Records for this exercise:

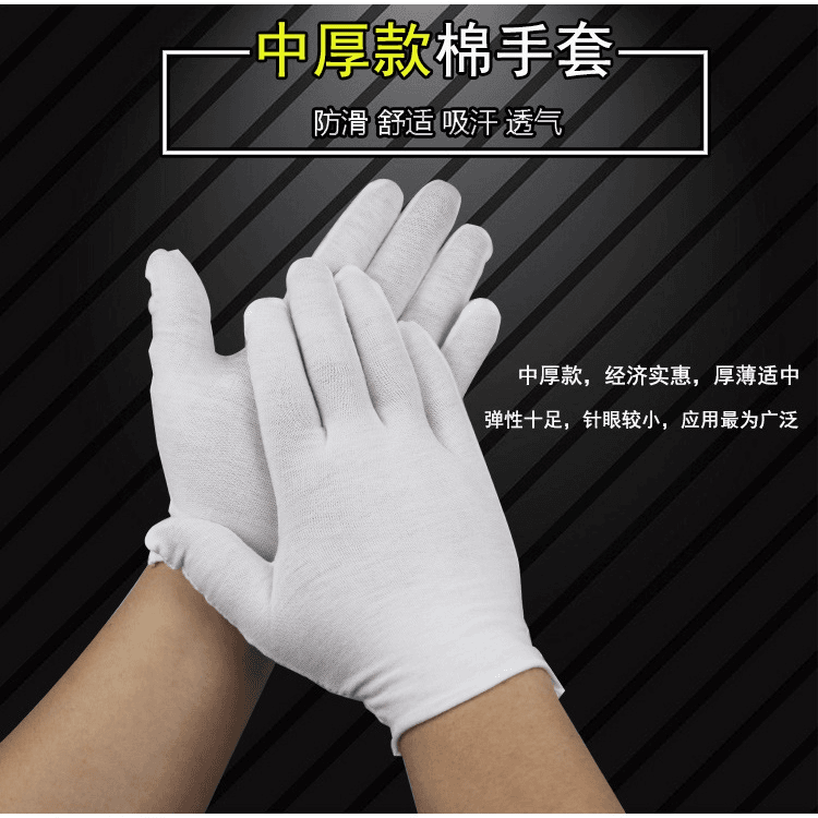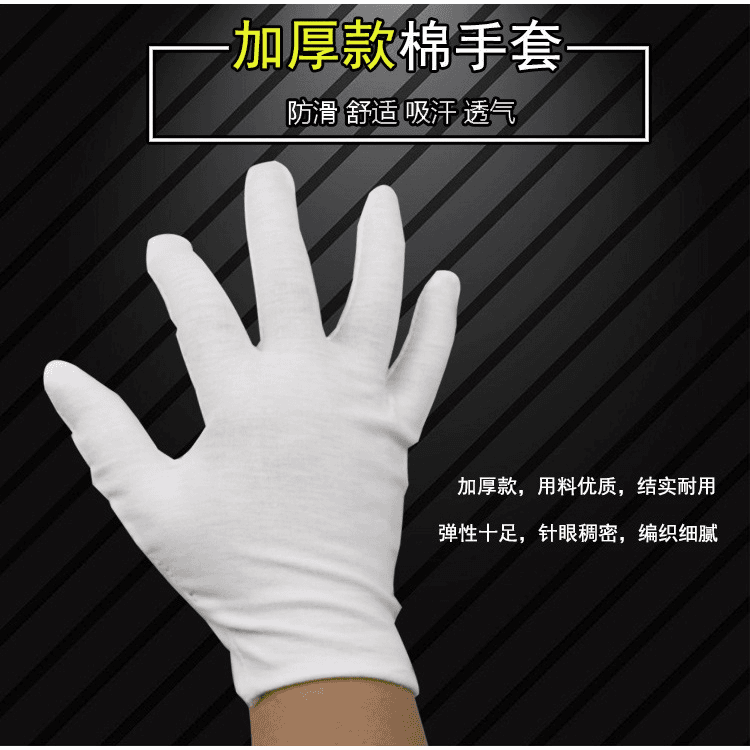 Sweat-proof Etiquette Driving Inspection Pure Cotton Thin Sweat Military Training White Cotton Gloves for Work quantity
==
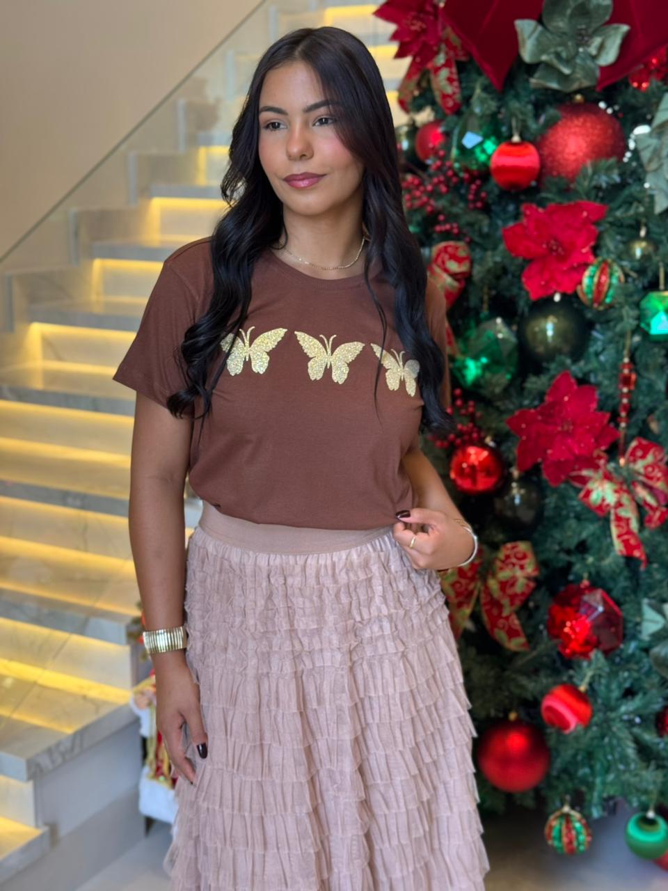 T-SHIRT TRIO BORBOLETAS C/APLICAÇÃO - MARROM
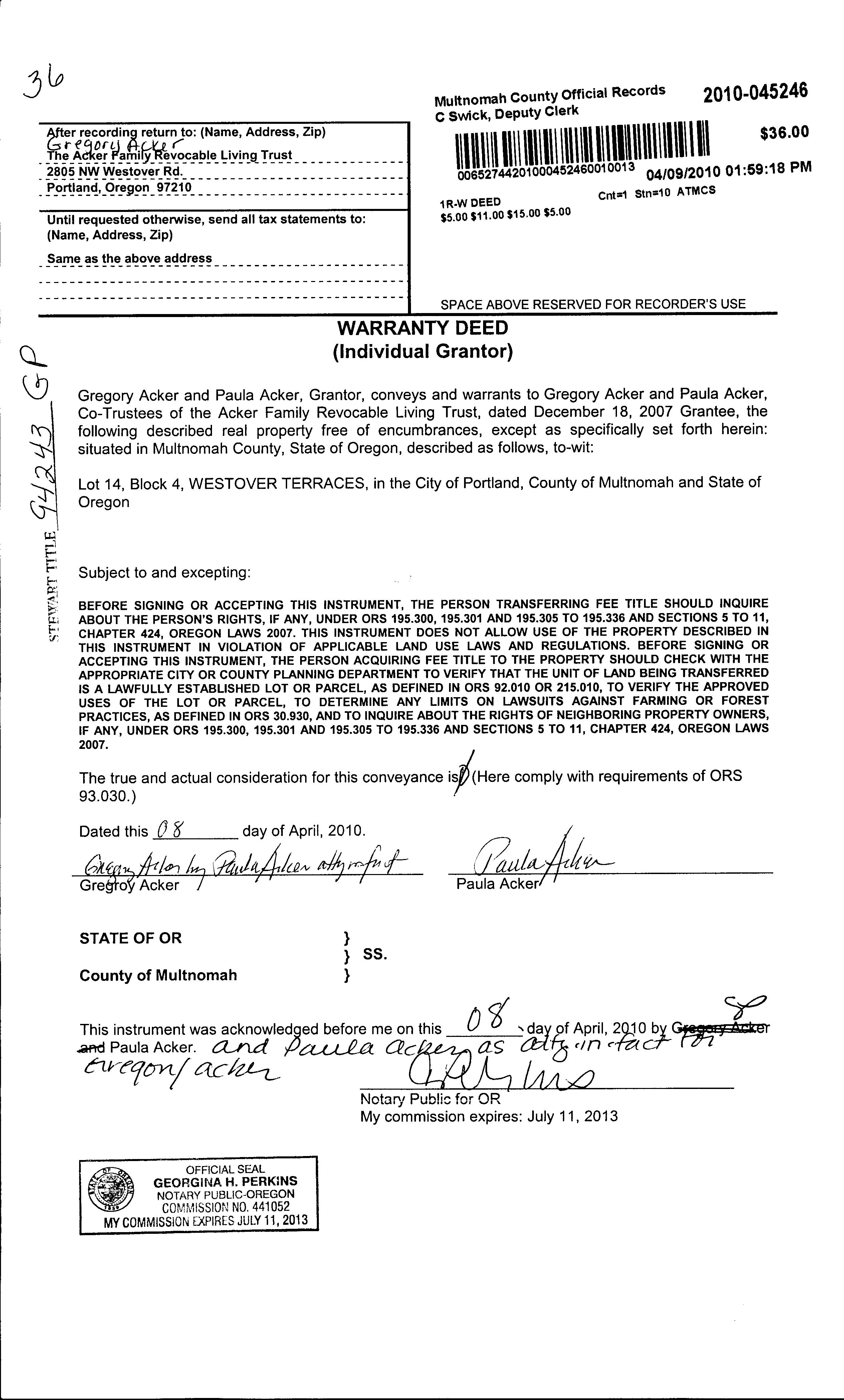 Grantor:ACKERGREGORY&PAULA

Task objective: In the records above, find the line with "T-SHIRT TRIO BORBOLETAS C/APLICAÇÃO - MARROM" and the line with "Grantor:ACKERGREGORY&PAULA"; please transcribe exactly those two lines and all lines between them, omitting any picture.

Solved problem:
 T-SHIRT TRIO BORBOLETAS C/APLICAÇÃO - MARROM
 Grantor:ACKERGREGORY&PAULA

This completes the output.